How to complete this task.
Among the records below, find the line that has "The EEC-IV system"; from there, give the lines again exactly, and stop after the line that has "This Redditor didn’t".

Records.
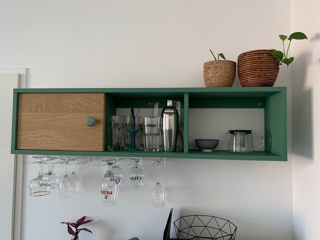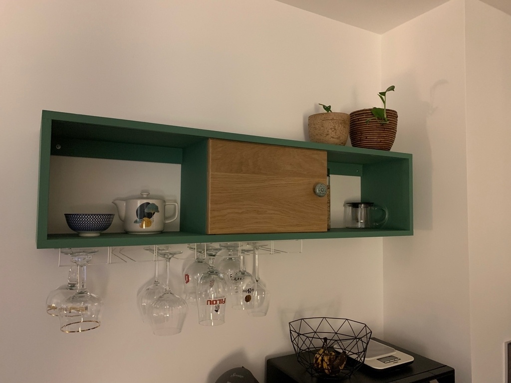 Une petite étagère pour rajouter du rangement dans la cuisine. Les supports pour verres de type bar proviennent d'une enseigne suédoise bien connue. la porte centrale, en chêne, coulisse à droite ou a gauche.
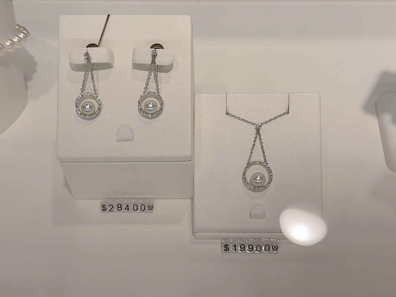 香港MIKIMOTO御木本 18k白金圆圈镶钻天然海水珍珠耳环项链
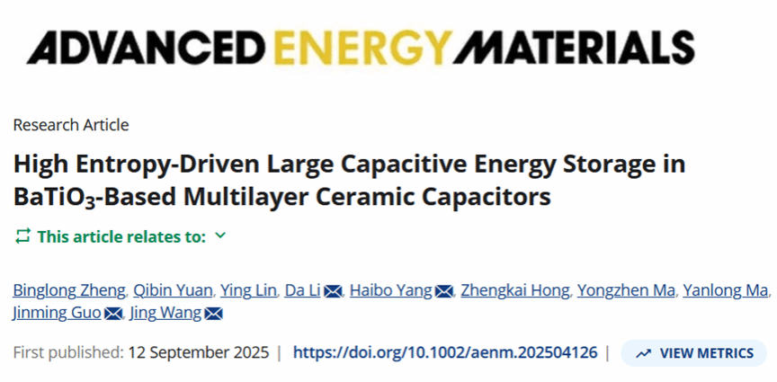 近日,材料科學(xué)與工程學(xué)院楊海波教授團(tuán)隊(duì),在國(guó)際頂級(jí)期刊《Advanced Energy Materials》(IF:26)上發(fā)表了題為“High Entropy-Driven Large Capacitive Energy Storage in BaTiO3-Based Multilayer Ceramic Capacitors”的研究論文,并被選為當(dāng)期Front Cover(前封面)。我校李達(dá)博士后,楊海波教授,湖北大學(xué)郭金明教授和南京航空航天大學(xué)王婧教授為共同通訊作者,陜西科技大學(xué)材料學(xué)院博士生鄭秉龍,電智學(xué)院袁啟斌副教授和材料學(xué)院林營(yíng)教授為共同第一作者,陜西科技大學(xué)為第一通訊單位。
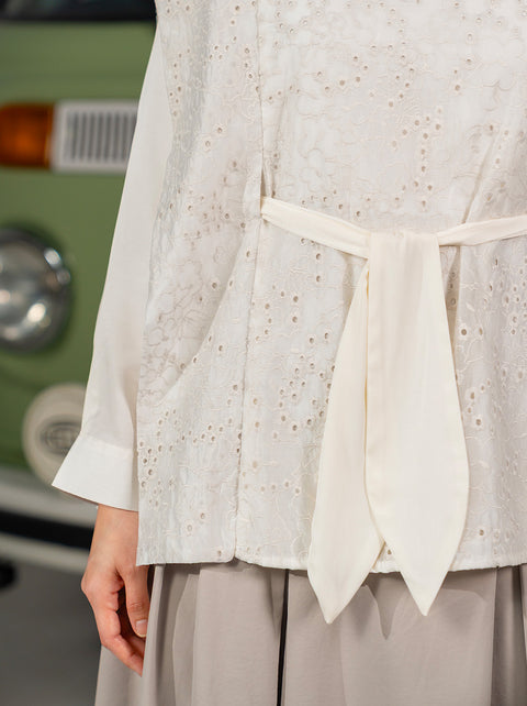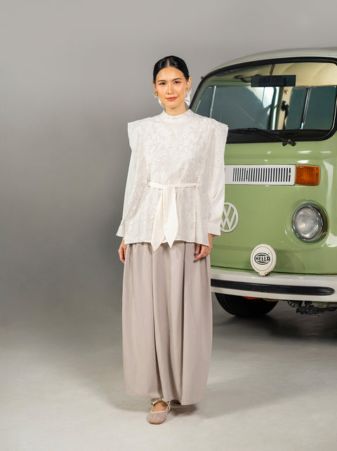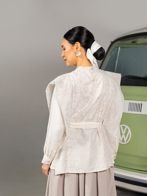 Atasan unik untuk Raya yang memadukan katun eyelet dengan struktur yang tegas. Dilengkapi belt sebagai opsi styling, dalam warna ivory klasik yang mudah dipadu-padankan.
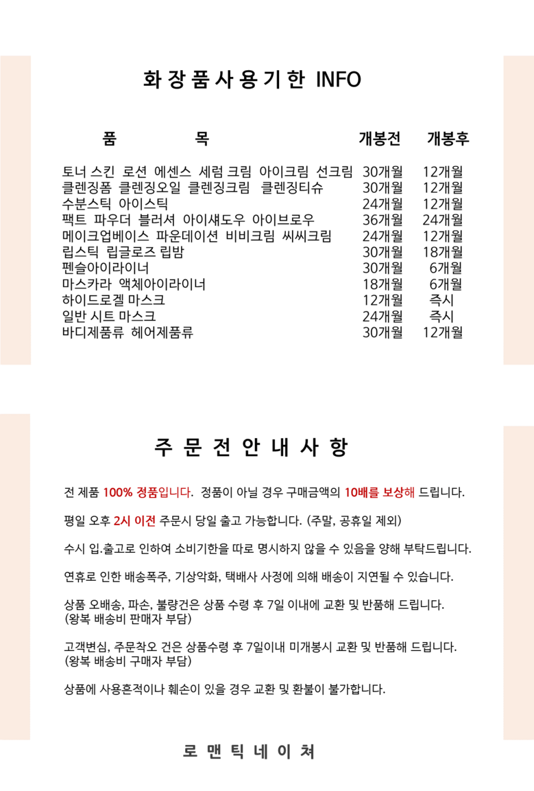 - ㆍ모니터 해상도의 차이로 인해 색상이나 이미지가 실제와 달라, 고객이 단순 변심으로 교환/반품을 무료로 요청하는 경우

---

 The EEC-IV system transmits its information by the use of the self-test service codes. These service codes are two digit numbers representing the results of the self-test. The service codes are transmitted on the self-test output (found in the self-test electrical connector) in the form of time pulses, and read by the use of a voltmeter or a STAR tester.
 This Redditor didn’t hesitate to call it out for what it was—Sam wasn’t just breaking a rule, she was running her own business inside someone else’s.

---

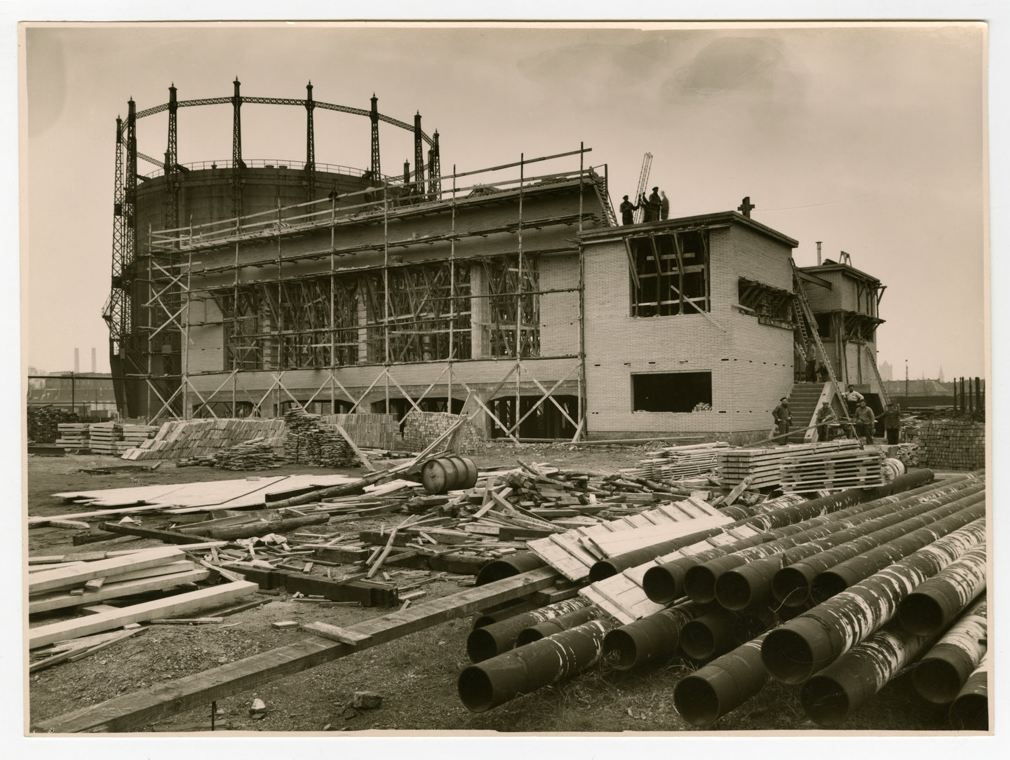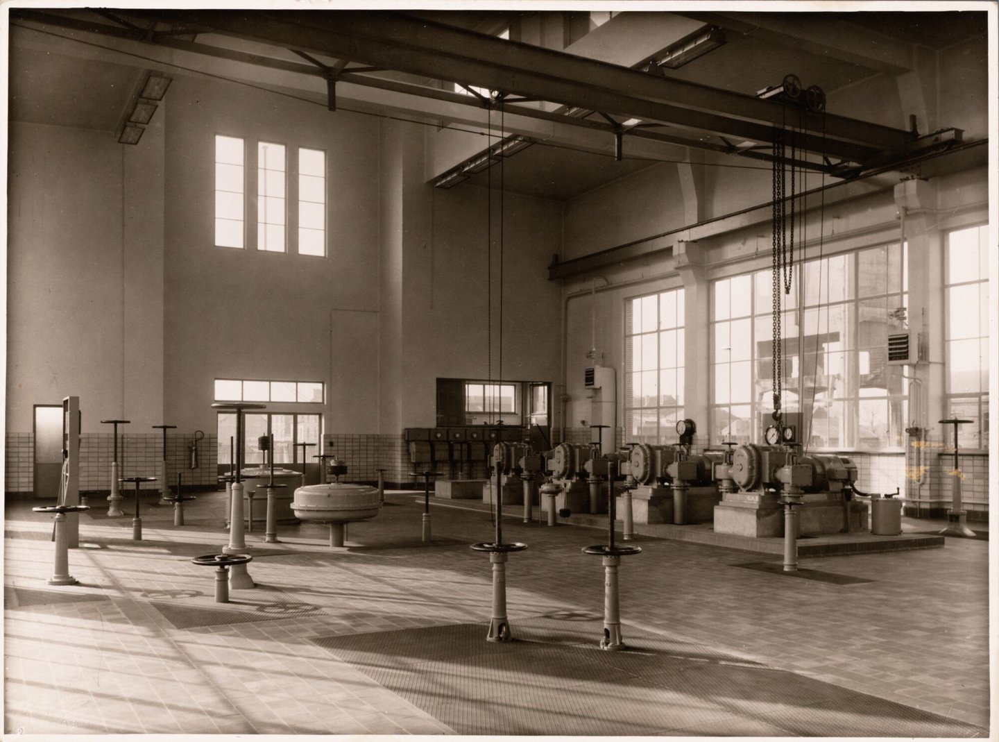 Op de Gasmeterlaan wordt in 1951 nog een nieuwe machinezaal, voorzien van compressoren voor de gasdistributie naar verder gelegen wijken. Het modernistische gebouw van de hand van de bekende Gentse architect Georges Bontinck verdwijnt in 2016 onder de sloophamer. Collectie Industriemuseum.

Task output.
 The EEC-IV system transmits its information by the use of the self-test service codes. These service codes are two digit numbers representing the results of the self-test. The service codes are transmitted on the self-test output (found in the self-test electrical connector) in the form of time pulses, and read by the use of a voltmeter or a STAR tester.
 This Redditor didn’t hesitate to call it out for what it was—Sam wasn’t just breaking a rule, she was running her own business inside someone else’s.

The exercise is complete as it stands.